DATA SEGMENT -
=== Begin Enclosure ===
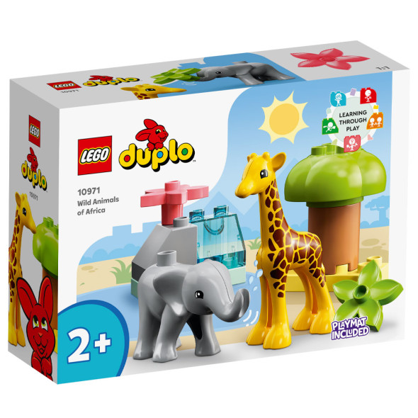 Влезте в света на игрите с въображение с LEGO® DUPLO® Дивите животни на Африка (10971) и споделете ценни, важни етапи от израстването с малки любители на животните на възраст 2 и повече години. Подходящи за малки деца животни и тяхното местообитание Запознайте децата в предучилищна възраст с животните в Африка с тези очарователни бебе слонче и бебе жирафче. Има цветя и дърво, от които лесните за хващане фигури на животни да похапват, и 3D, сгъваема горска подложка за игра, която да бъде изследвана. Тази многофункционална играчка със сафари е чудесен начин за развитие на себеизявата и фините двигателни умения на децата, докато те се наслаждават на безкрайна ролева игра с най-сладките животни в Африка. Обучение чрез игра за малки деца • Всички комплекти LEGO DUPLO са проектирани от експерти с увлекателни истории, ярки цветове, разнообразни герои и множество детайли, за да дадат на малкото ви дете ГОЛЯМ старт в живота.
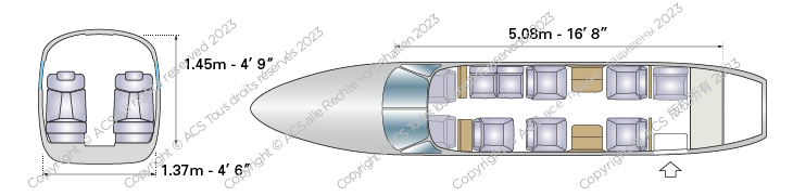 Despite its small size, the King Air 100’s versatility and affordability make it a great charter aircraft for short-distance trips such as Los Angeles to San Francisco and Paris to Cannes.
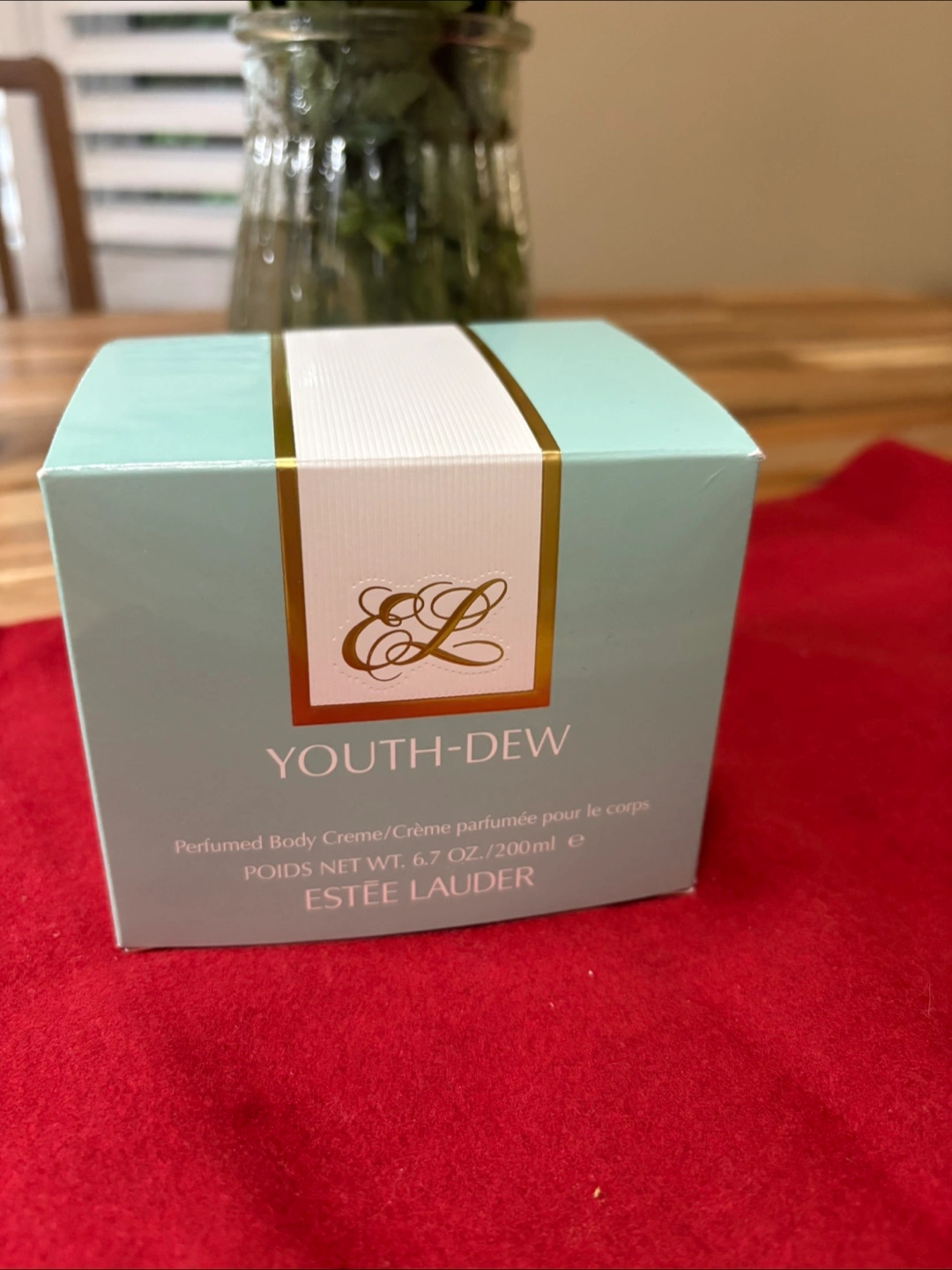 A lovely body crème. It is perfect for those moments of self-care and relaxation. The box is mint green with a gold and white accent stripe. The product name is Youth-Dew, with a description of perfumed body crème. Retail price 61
=== End Enclosure ===
EXERCISE - As you output the material, omit the pictures but alter nothing else.

ANSWER TO THIS EXERCISE -
 Влезте в света на игрите с въображение с LEGO® DUPLO® Дивите животни на Африка (10971) и споделете ценни, важни етапи от израстването с малки любители на животните на възраст 2 и повече години. Подходящи за малки деца животни и тяхното местообитание Запознайте децата в предучилищна възраст с животните в Африка с тези очарователни бебе слонче и бебе жирафче. Има цветя и дърво, от които лесните за хващане фигури на животни да похапват, и 3D, сгъваема горска подложка за игра, която да бъде изследвана. Тази многофункционална играчка със сафари е чудесен начин за развитие на себеизявата и фините двигателни умения на децата, докато те се наслаждават на безкрайна ролева игра с най-сладките животни в Африка. Обучение чрез игра за малки деца • Всички комплекти LEGO DUPLO са проектирани от експерти с увлекателни истории, ярки цветове, разнообразни герои и множество детайли, за да дадат на малкото ви дете ГОЛЯМ старт в живота.
 Despite its small size, the King Air 100’s versatility and affordability make it a great charter aircraft for short-distance trips such as Los Angeles to San Francisco and Paris to Cannes.
 A lovely body crème. It is perfect for those moments of self-care and relaxation. The box is mint green with a gold and white accent stripe. The product name is Youth-Dew, with a description of perfumed body crème. Retail price 61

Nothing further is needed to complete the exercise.